The Abkhaz authority threatened severe sanctions before the local government elections on October 5.  They warned Georgians not to participate in the election in Zugdidi or risk punishment.

Abkhaz police began threatening Georgians a week before the local elections.  Additional military forces were placed on the Enguri Bridge.  To discourage Georgians from going to Zugdidi to vote on Election Day, four military helicopters patrolled the Enguri section.  The Enguri Bridge is the only connection between Gali region and Zugdidi and the rest of Georgia.

According to Gia Lomaia, deputy of the Gali governor, only residents of four villages (a total of 24 villages are located in the Gali region) were permitted to participate in the elections. “Abkhazia tries not to let people cross the Enguri Bridge.  Every person who crosses the bridge is interviewed and asked what the purpose of the visit is.  Only people who have passes, issued by the Abkhaz authority, can easily cross the bridge.  That is why only a few people are able to vote.  A few people managed to cross the bridge from the villages of Otobaia, Nabakevi and Barghebi.”

Temur Mzjavia, the head of the Ministry Council of the Legitimate Government of Abkhazia [Georgian authority] talked about an incident, which took place on the Enguri Bridge. “Abkhazia has carried out demonstrations of force in Gali region for the last couple of days. They tried to threaten the Georgian population before the elections. They were threatening people with severe sanctions if they took part in the elections.  Several inhabitants of the village of Otobia were physically assaulted by Abkhaz police when they tried to cross the bridge.”
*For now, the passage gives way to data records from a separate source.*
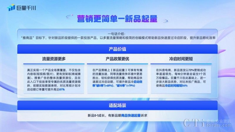 對(duì)于在618好物節(jié)期間想借助流量上行期推新品的商家,「新品起量」助力商家在推商品階段,以多重流量策略和極簡(jiǎn)的創(chuàng)編模式幫助新品快速度過(guò)冷啟階段,提升新品孵化效率,讓營(yíng)銷變得更簡(jiǎn)單。前期實(shí)驗(yàn)數(shù)據(jù)表明,對(duì)比常規(guī)計(jì)劃冷啟動(dòng)期訂單量可提升61%。
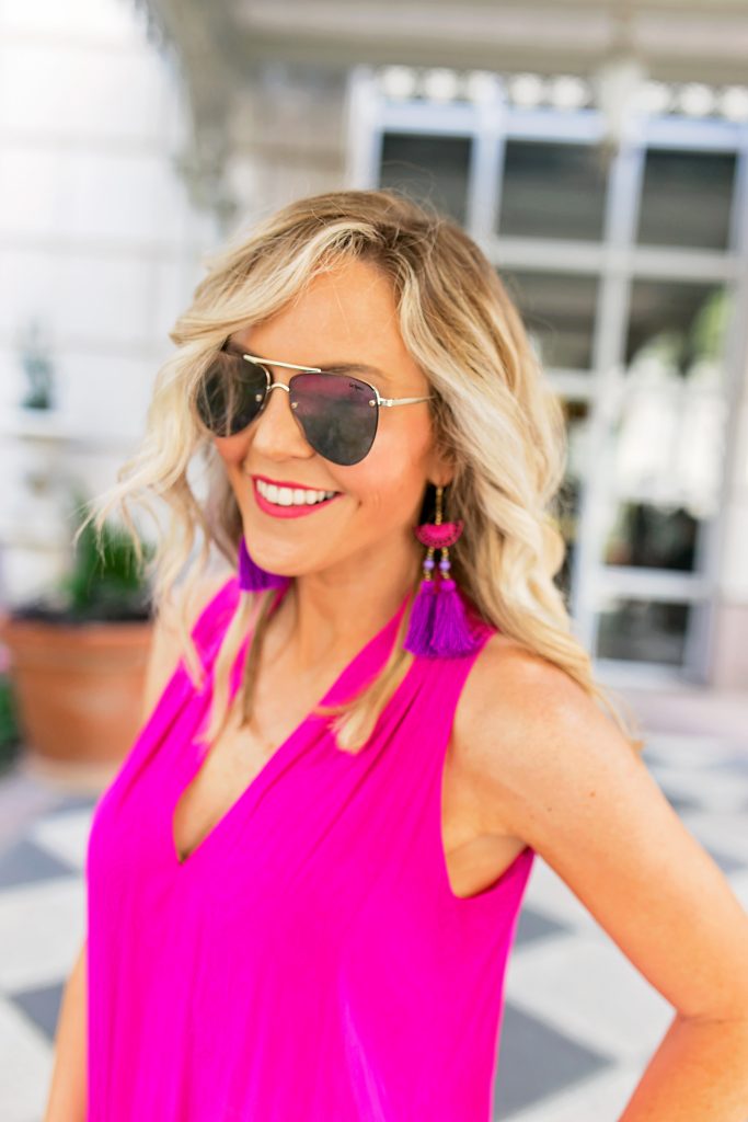 pink dress | sunglasses | earrings
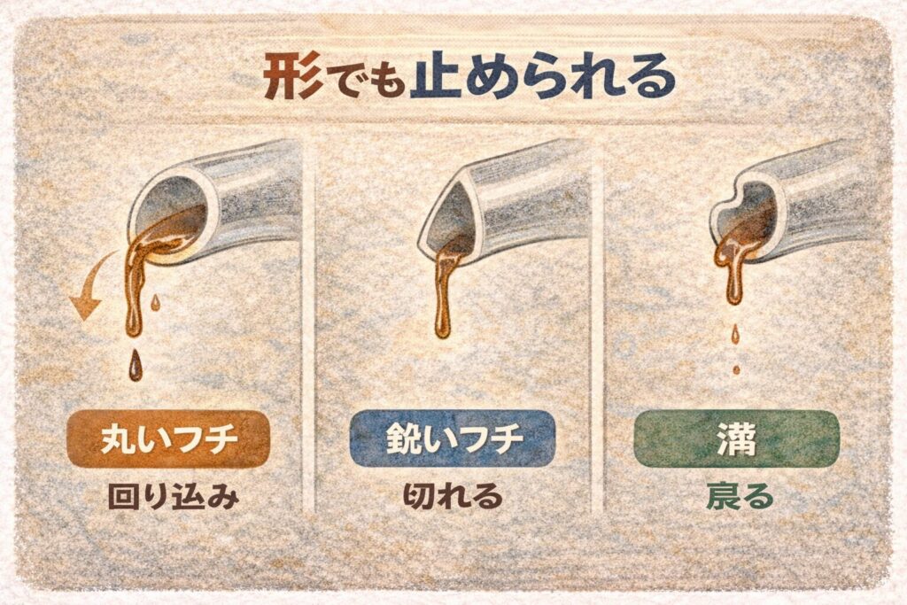 - 注ぎ口の形(フチの鋭さ)がなぜ効くのか

Residents of Gali reported that they were afraid to go to Zugdidi.  “Abkhaz police had already visited almost every family in Gali region and warned us not to go to the polling place.  If we did not obey them, they threatened to use force against us.  They said that we were citizens of [Abkhazia] and that we did not have the right to take part in elections held in [another country].  They said that it is a violation of the Abkhaz Constitution and that we would be arrested if we did not obey,” said one resident of Gali region, Ketevan G.  “We know [the Abkhaz authority] is very cruel, and we were afraid.  As far as we know, only one person in twenty participated in the election.  Mostly women were able to cross the bridge.  To avoid any incidents, men stayed at home.”

Lamzira D., another resident of Gali, witnessed an incident that took place near the Enguri Bridge.  According to her, a young boy was beaten up by the Abkhaz police who would not let him into Zugdidi. “Several women from the area where I live decided to cross the bridge together.  The [Abkhaz] police interviewed everyone.  Some of us said that we were going to funeral, and others gave different answers.  [The police] presumed we were lying and would not allow us to cross the bridge.  They physically assaulted one woman and when her son tried to defend her, the police then assaulted the boy.  They wrote down our names and said that ‘they will take care of us later’.”

Because of these problems, [the majority of the] inhabitants of the Gali region, (more then 45 to 50,000) could not take part in the elections. Only a small group of people were able to go to Zugdidi to vote.